Sweet Potato and Chickpea Vegan Curry

This super tasty vegan curry recipe has great depth of flavor from the curry powder and a sweet creaminess from the coconut milk and sweet potatoes. Super easy to make and great as an easy vegan meal or meal-prep recipe.

Course Main Course, Side Dish
Cuisine Asian, Indian
Prep Time 10 minutes
Cook Time 30 minutes
Total Time 40 minutes
Servings 6 people
Calories 250 kcal
Author Jones LeFae

Ingredients

  • 1 Tbsp Coconut oil or extra-virgin olive oil
  • 1 medium yellow onion chopped
  • 2 cups Sweet potato cubed
  • 1 can (15 oz) chickpeas (garbanzo beans) drained and rinsed
  • 1 Tbsp Curry powder
  • 1/2 tsp Red pepper flakes
  • 1 can Coconut milk full fat or reduced fat
  • 1 cup hot water
  • 1 Tbsp Better Than Bouillon or 1 cup veggie broth
  • 1 cup fresh green beans cut into 1" segments
  • 1/4 cup Golden raisins
  • 1/4 cup All-purpose flour You can also use gluten-free

Instructions

  1. Put the coconut or olive oil in a large saucepan on medium heat. Add the onions and let cook for 5 minutes until they have started to soften. Then add the sweet potatoes, curry powder, and red pepper flakes and sautee for another 5 minutes, stirring frequently.

    Add the drained and rinsed chickpeas and stir together.

  2. In a small mixing bowl, dissolve the Better Than Bouillon in the hot water. If you are using pre-made veggie broth you can skip this step.

    Add the broth and the coconut milk to the pan with the potatoes and chickpeas. Stir to combine the mixture.

    *The coconut milk will be much easier to use if you heat the can in some warm water first. This helps to melt the cream that forms at the top of the can.
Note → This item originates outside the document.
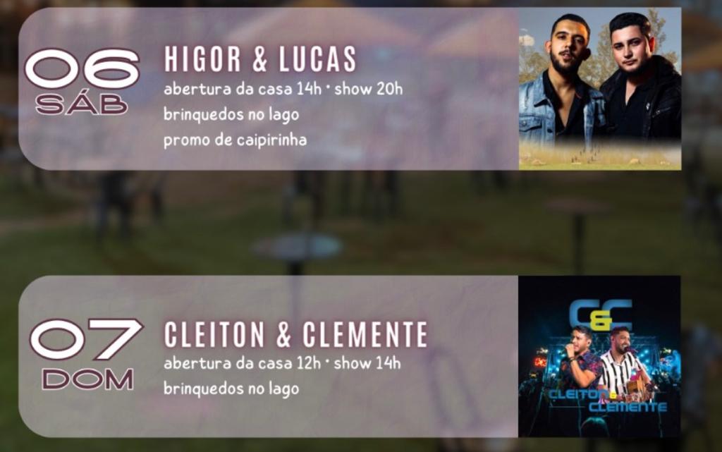 Neste primeiro final de semana de 2024, o Bar e Restaurante Rural Rincão Bragantino traz para seu público dois grandes shows. Hoje, a casa abre às 14h, e a dupla Higor & Lucas se apresenta às 20h. Haverá também promoção de caipirinha e brinquedos no lago. Amanhã, a partir das 12h, o Rincão Bragantino abre sua porteira para o “Almoço na Roça”, e às 14h, acontece o show da dupla Cleiton & Clemente. Neste domingo, estará disponível também o brinquedo no lago. O Bar e Restaurante Rural Rincão Bragantino fica localizado na Estrada Antônio Moreno, no Bairro Campo Novo. Para informações e reservas de mesa, ligue para: (11) 9 4486-4473 e fale com Aldo.
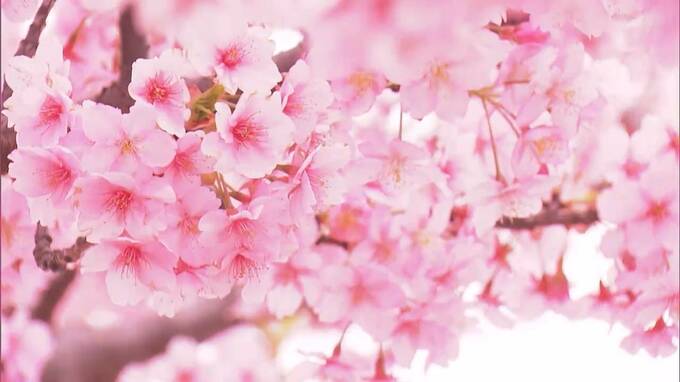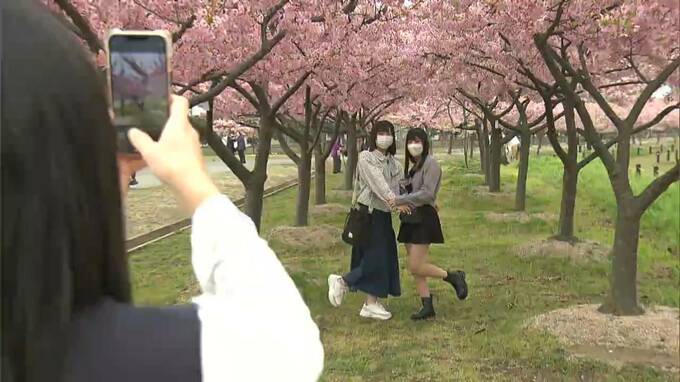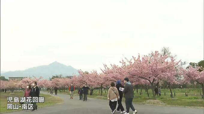 華やかな濃いピンク色。早咲きの河津桜およそ6000本が満開を迎えた児島湖花回廊(こじまこ・はなかいろう)です。

Shake the can well before opening.

  3. Cover and lower the heat to medium-low* to let the mixture simmer gently for 10-15 minutes. *Cooking temperatures and times may vary slightly according to your stove, altitude, and other factors. Adjust accordingly.

    Then add the raisins and green beans and simmer for another 10 minutes.

    Test to make sure the sweet potatoes are soft. When they are, it is ready!

  4. If you want to make this dish more spicy, you can add more red pepper flakes or about 1 Tbsp of Sriracha sauce.

    You can serve this with rice, couscous, quinoa and/or naan bread.